To select just one “best part” to share would not do justice to the inherent reward of spending this time with Koa. He is inching ever-closer to adventures devoid of my micromanagement and I often contemplate whether he will be one to randomly come home for dinner or drop by to do laundry and hang out on my couch (like my brother does), or whether he will be one to let the wind carry him far, far away to a place where he feels safe to bloom on his own terms (like I did). I realize there are countless ways this scenario might play out but I imagine him here in my space, his shoes at my entryway and his voice rising through the stairwell, eating seconds and thirds at my dinner table. Not every night or anything—I’m not wishing some sort of Oedipus complex upon our relationship—but I hope he will want to see me periodically and forever. Needless to say I am scrambling to reinforce our bond before he feels the need to ask me, in a really gentle voice with blue eyes shining, whether or not I’ll cosign for an apartment for him. I don’t always get it right, but when I do it feels like my vision will come to fruition.

So we went to the store together and bought a ton of food and drinks, compostable plates for easy cleanup, and disposable tin pans to save labor all around. We came home, threw The Budos Band on random, put on our aprons, and made quick work of over 40lbs of turkey enchiladas divided into 9 trays (some for the freezer, some for the friend, a BUNCH for the teenagers). In less than 90min we had churned out enough delicious food to feed the masses now and later. The crowd devoured 15lbs in less than an hour. 

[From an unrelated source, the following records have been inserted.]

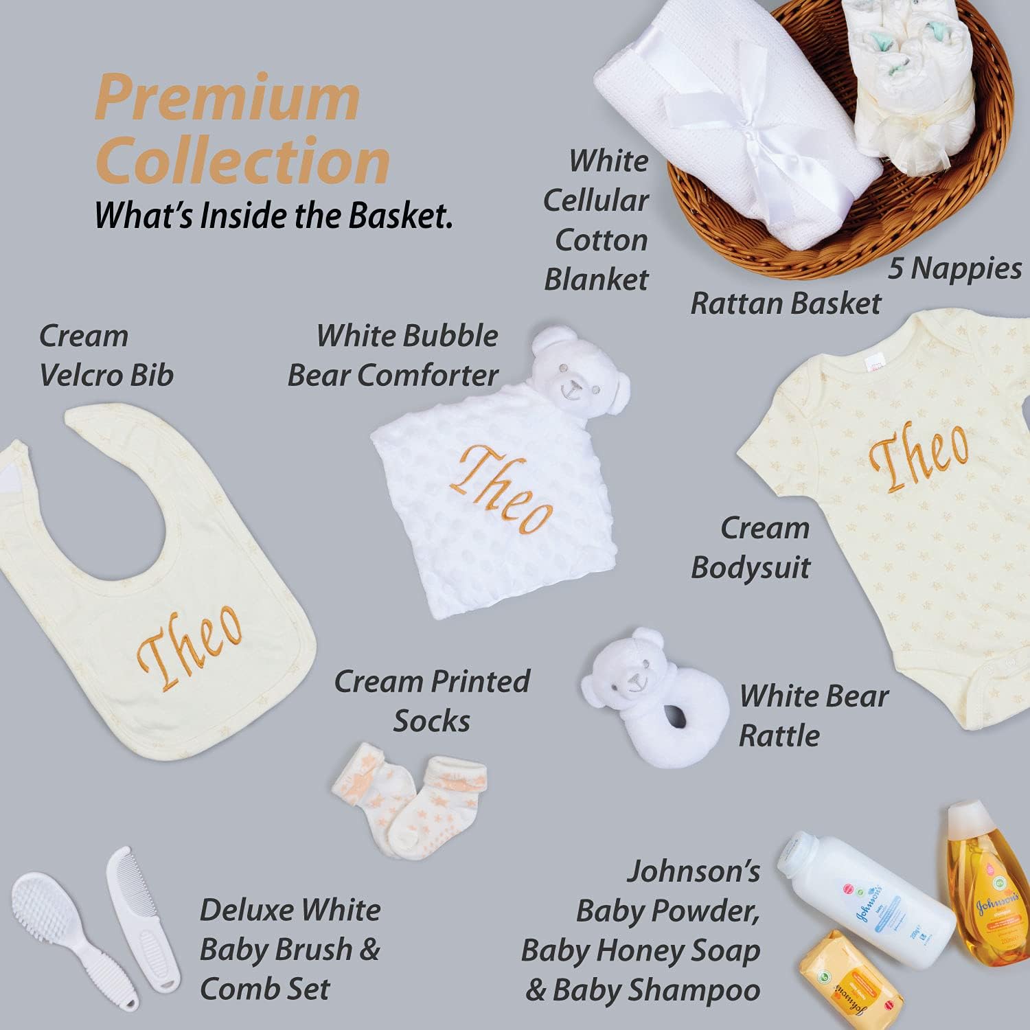 - What's in the Basket: This baby hamper features 3 personalized items, a cotton blanket, brush & comb set, 3 nappies, printed socks, a bear rattle, bath essentials, a basket wrapped in chiffon/organza. Clothes are size 3-6 months. NOTE: This hamper no longer contains soap
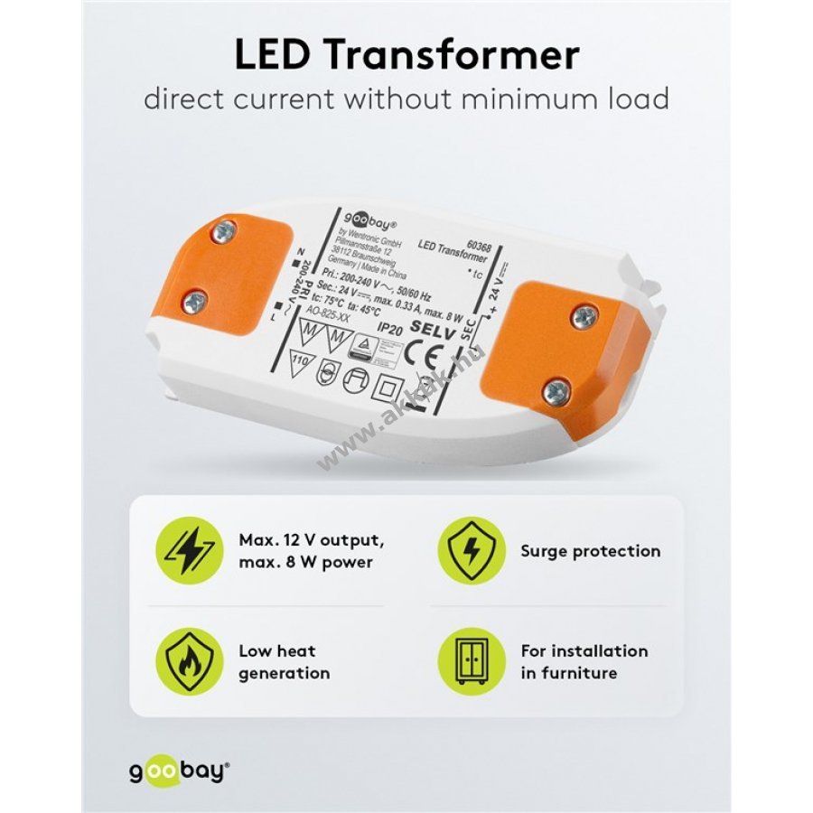 A trafó állandó 12 V egyenfeszültséget biztosít LED-ek számára nagy rugalmassággal különböző hosszúságú LED-szalagok csatlakoztatásához. Kompakt kialakítású LED trafó minimális terhelés nélkül 200-240 V hálózatról. 12 V egyenfeszültség lehetővé teszi párhuzamos kapcsolást és változó hosszúságú LED-szalagok használatát. Integrált csavaros kapcsokkal gyors és egyszerű telepítés. Alacsony hőtermelés és lapos forma helytakarékos beépítést tesz lehetővé, például bútorokba vagy szekrények mögé. Beltéri használatra IP20 védelemmel, biztonságos elektronikus szigeteléssel II. védelmi osztály szerint. Túlfeszültség- és rövidzárlatvédelem. Méretek 94,5 x 46,2 x 19,5 mm. Nem dimmelhető.
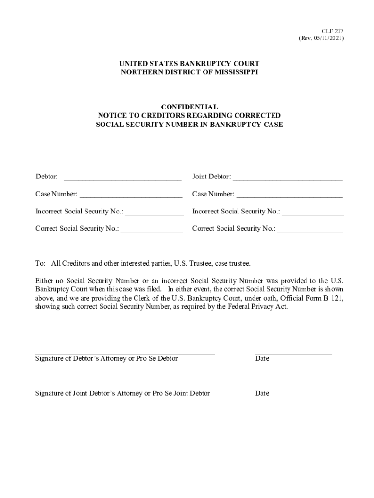 CF 217 (Rev. 05/11/2021)UNITED STATES BANKRUPTCY COURT NORTHERN DISTRICT OF MISSISSIPPICONFIDENTIAL NOTICE TO CREDITORS REGARDING CORRECTED SOCIAL SECURITY NUMBER IN BANKRUPTCY CASEDebtor: ___Joint

The feeling of accomplishment was only amplified by Koa’s enthusiasm in learning new cooking skills. The immediate and clear benefit of him having the wholehearted blessing of his parents to invite his friends over for a home-cooked meal before heading out to their Saturday night shenanigans was expressed in his eyes, words, interactions with his brothers, and attention to my request that he be home and present early the next morning. Respect and support leads to respect and support? What? Mind. Blown. Teenagers are incredible and deep and inspiring and capable if we treat them as people going through tremendous transformations… because as it turns out, that’s exactly what they are. 


Sweet Koa, your transformation is a gift. Whenever it hurts just remember the turkey enchiladas.




Turkey Enchiladas: A meal fit for the Teens!

We have 92lbs of whole turkey goodness in our deep freezer.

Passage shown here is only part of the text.